Attacking the documentary was Perry Wolff, veteran producer of CBS documentaries. […] Far more puzzling was Mr. Wolff’s vehemence in denouncing the documentary: “Not journalism at all . . . . I think you were taken in . . . . An unbalanced picture . . . a mark of the deterioration of standards [at ABC News in general].”

The Times reporter pushed back against Wolff’s attacks:

In fact, “Teiror in the Promised Land” was a powerful exploration of what had been carefully introduced as an essay not about right and wrong, but about the Palestinian perception of right and wrong.” Suicide squads for the Palestinian Liberation Organization were seen in training. The phenomenon of the “cult of the martyr” was examined in close‐up. While terroristic activities were never even remotely condoned, the fanatical dedication of a terrorist was presented with rare clarity. Mr. Wolff chose to see the result as a propaganda coup, “bestowing legitimacy on the P.L.O. cause.” He objected that the film did not deal with the harassment of the Palestinians by other Arab states. Yet, shown on the WNYC program was a brief clip from the documentary specifically noting that Palestinian unity “has always been a source of fear and suspicion to other Arabs.”

 

Mr. Wolff seemed especially upset because so much emphasis was put on Israel as the “sole enemy” of the Palestinians. But can anyone deny that Israel has a severe “Palestinian problem”?

The documentary also won a rave review in the New Yorker: 

TELEVISION has been mainly horrible this fall, when not either silly or boring (or all three of the above), and, among the several purveyors of media junk food,” the ABC network has certainly purveyed its share: space trash, the ever-speaking unspeakable Cosell, cutesyporn, and so forth. But last Monday night ABC News presented a documentary on the Palestinians and the P.L.O, “Terror in the Promised Land,” which seemed altogether first-rate—an all too rare example of broadcast journalism employing its considerable strengths […]

 

I thought the ABC documentary showed us more about the Palestinians in fifty-seven minutes than most American, news organizations, large or small, have printed or televised in the past dozen years—and showed it with an uncommon mixture of judgment and perspective. [Emphasis mine]

A Jan. 1979 New York Times report, by the same journalist referenced above, roughly a couple of months after the broadcast, also defended the documentary for shining a rare light on Palestinians and noted that Zionists often seek to censor such portrayals:

… needless to say, many Israelis and their supporters, Jewish or non Jewish, are disturbed by any attention given to the Palestinians, particularly when that attention appears to be noncritical.

 

The ABC News documentary “Terror in the Promised Land,” broadcast in October, was widely attacked for affording Palestinian terrorists a forum for their anti‐Israel “propoganda.” Yet, the program was painstakingly introduced as a study not of right and wrong but of Palestinian perceptions of right and wrong.

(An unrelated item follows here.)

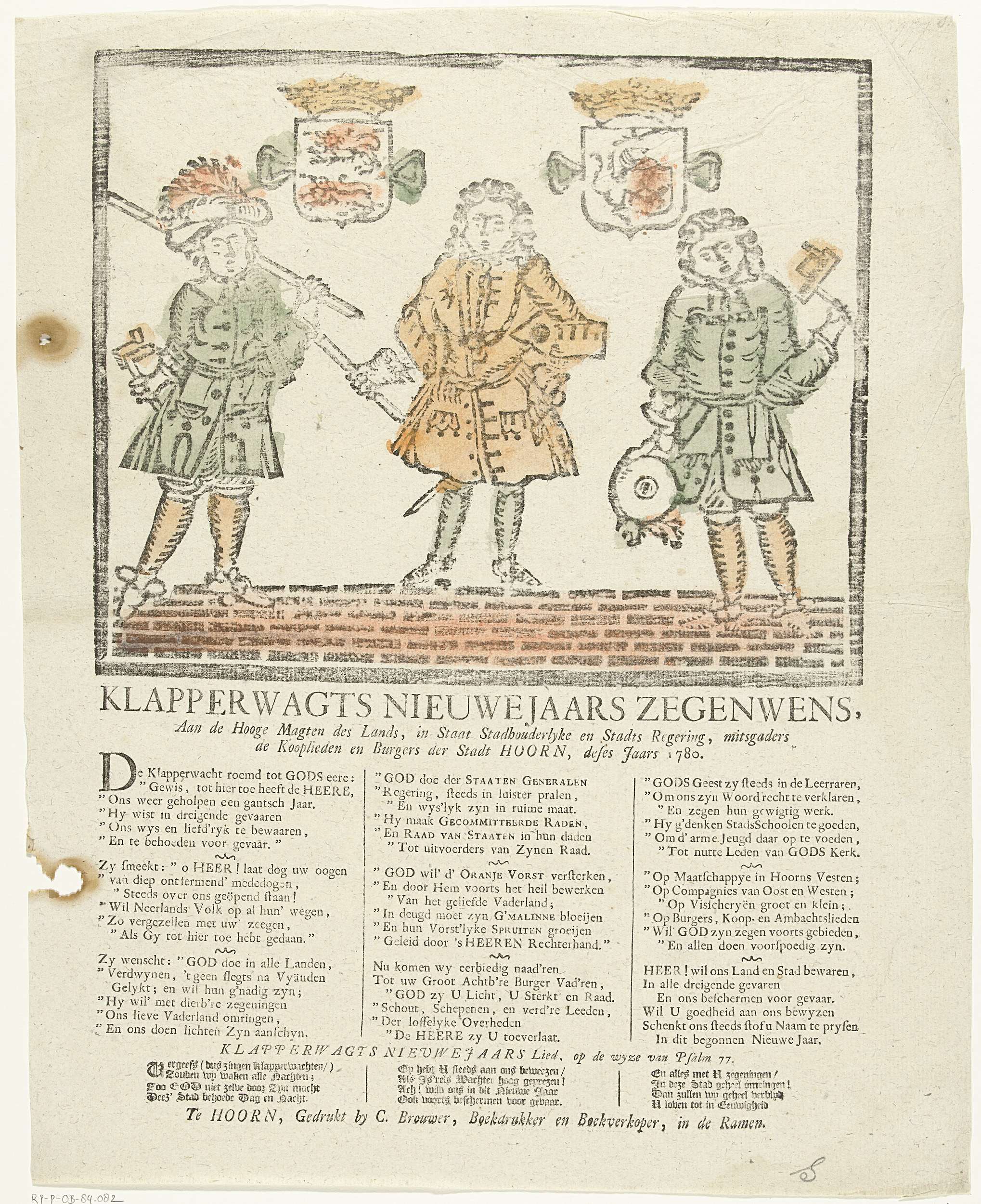 Nieuwjaarsprent van de klapperwacht (ratelwacht of nachtwacht) van de stad Hoorn voor het jaar 1780. Opgedragen aan de bestuurders en inwoners van Hoorn. Twee leden van de wacht met een officier, met de wapens van West-Friesland en Hoorn. Op het blad onder de voorstelling een vers in drie kolommen met onderaan een lied in drie ...

The fact that the documentary was praised by such prominent establishment sources and, yet still, faced erasure from ABC News speaks to the enormously successful pressure campaigns Zionists have wielded to suppress any Palestinian point-of-view.

A novel incident related to “Terror in the Promised Land” is that the CIA took note, too:

The Paley Center for Media and IMDb both list “Terror in the Promised Land,” but ABC News refuses to publicly release this documentary, which is an important historical text. It is unlikely ABC did in fact destroy every copy. It must be there somewhere, and ABC needs to make it available.